Хорст отправился провожать гостей, а новобрачную слуги проводили в покои, отведенные для первой брачной ночи.
Когда за служанками закрылась дверь, Екатерина едва не упала там, где они её оставили – словно от перенапряжения лопнул какой-то внутренний стержень, заставлявший весь день держать спину прямо и улыбаться всем встречным. К счастью, рядом оказалось глубокое кресло, в которое и опустилась герцогиня.
Теперь Екатерина осталась одна и здесь, не сдерживаемая больше ничем и никем, дала волю своим переживаниям: слезы хлынули из глаз, обильно орошая кружевную подушку, которую она машинально мяла в руках. Она ревела, ревела в полный голос, размазывая по щекам слезы, хлюпая носом и пришёптывая знакомые с раннего детства слова молитвы. Ей вдруг стало понятно, что от одного неприятного брака (а чего скрывать – меньше всего ей хотелось быть супругой ветреного бабника и лоботряса, каким был король) она спаслась тем, что попала в другой. И теперь её мужем оказался неотесанный вояка, превыше всего ценящий свою физическую силу, о которой, совсем не смущаясь, рассказывал всем – от тестя до последнего виночерпия, и свою же наглость, скрывать которую не считал нужным вообще! Ни о каких чувствах, нежности и любви речь не шла совершенно: дай Всеблагой, чтобы Хорст хоть от кого-нибудь, хоть когда-нибудь слышал о чем-то подобном.
Она ревела закрыв глаза, и не заметила, как вошедший Хорст, неслышно ступая, погасил светильники, развешанные на стенах. Как в темноте откинул покрывало с брачного ложа.

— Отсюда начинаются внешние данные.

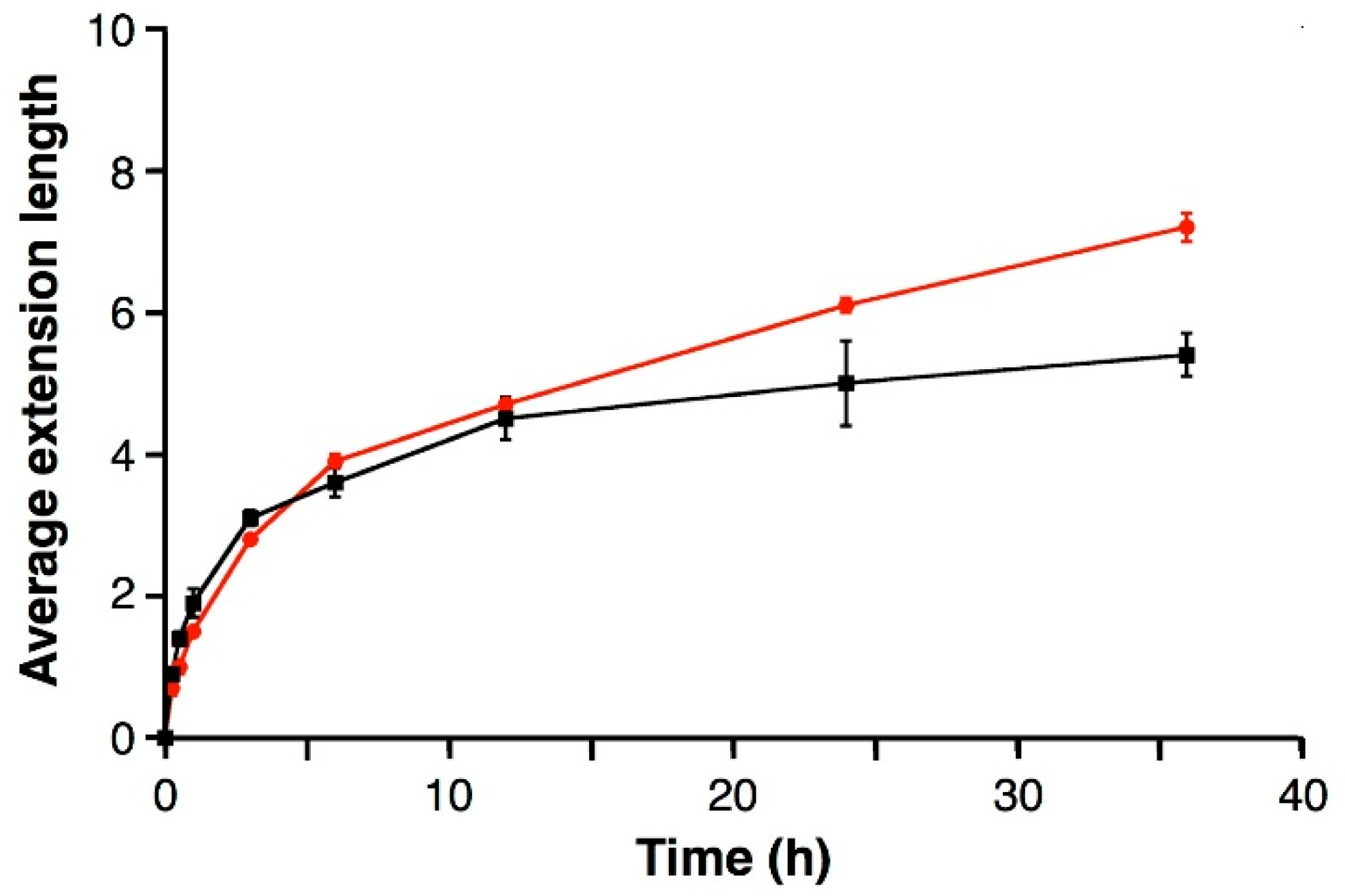 The time-course analysis of the polymerization reaction was performed by initiating the reaction as described in Section 3.3. An aliquot of the reaction mixture was taken for PAGE analysis at defined time points. After quenching the reaction, the samples were stored at −20 °C until the time course was completed. Denaturing PAGE was then carried out and the average extension length was estimated based on the intensity of the bands on the gel. Averages of at least three independent experiments are plotted in the figure.

Как долго стоял над ней, сотрясаемой рыданиями, и непонятно чему улыбался.
Она пришла в себя лишь на короткий миг – когда сильные руки подняли её из кресла и понесли сквозь темень ночи куда-то ввысь, а открывшиеся было в испуганном крике уста – губы Хорста запечатали долгим поцелуем…
Пришла в себя невеста, нет, не невеста – теперь уже молодая жена – только утром, проснувшись от того, что тихо скрипнула дверь и полуодетый Хорст, оглянувшись и увидев, как открылись её глаза, шепнул:
– Я скоро вернусь!
Он исчез за закрывшейся дверью, а она ещё долго лежала в постели, ожидая его возвращения, и лишь когда вставшее солнце поднялось высоко над горизонтом – это было видно в открытое окно – нашла в себе решимость подняться.
Но ни Хорста, ни его папаши – маршала Бродерика, в полупустом доме не оказалось. Всклокоченный слуга передал ей записку, прочитав которую, она ещё долго не могла поверить, что всё происходящее – не сон. А в записке было следующее:
«Дорогая моя супруга!
С болью в сердце должен сообщить, что покидаю Мерид по делам государственной важности и очень расстроен, что не могу сообщить о том лично. Надеюсь вернуться. А пока, до моего возвращения, ты, Екатерина, остаёшься полноправной хозяйкой в этом доме. Надеюсь, по приезду не разочаруюсь в тебе.
Твой муж, Хорст Ланский.»
В тот же самый час за Бретольские ворота, что располагались в том месте, где старый участок городской стены смыкался с новым (издалека была заметна разница в кладке: посмотришь от ворот направо – видишь мощь и несокрушимость древней твердыни, посмотришь налево и становится понятно, что в случае осады лучше бы находиться где-нибудь в другом месте), выезжал небольшой караван, провожаемый всхлипывающей толстухой.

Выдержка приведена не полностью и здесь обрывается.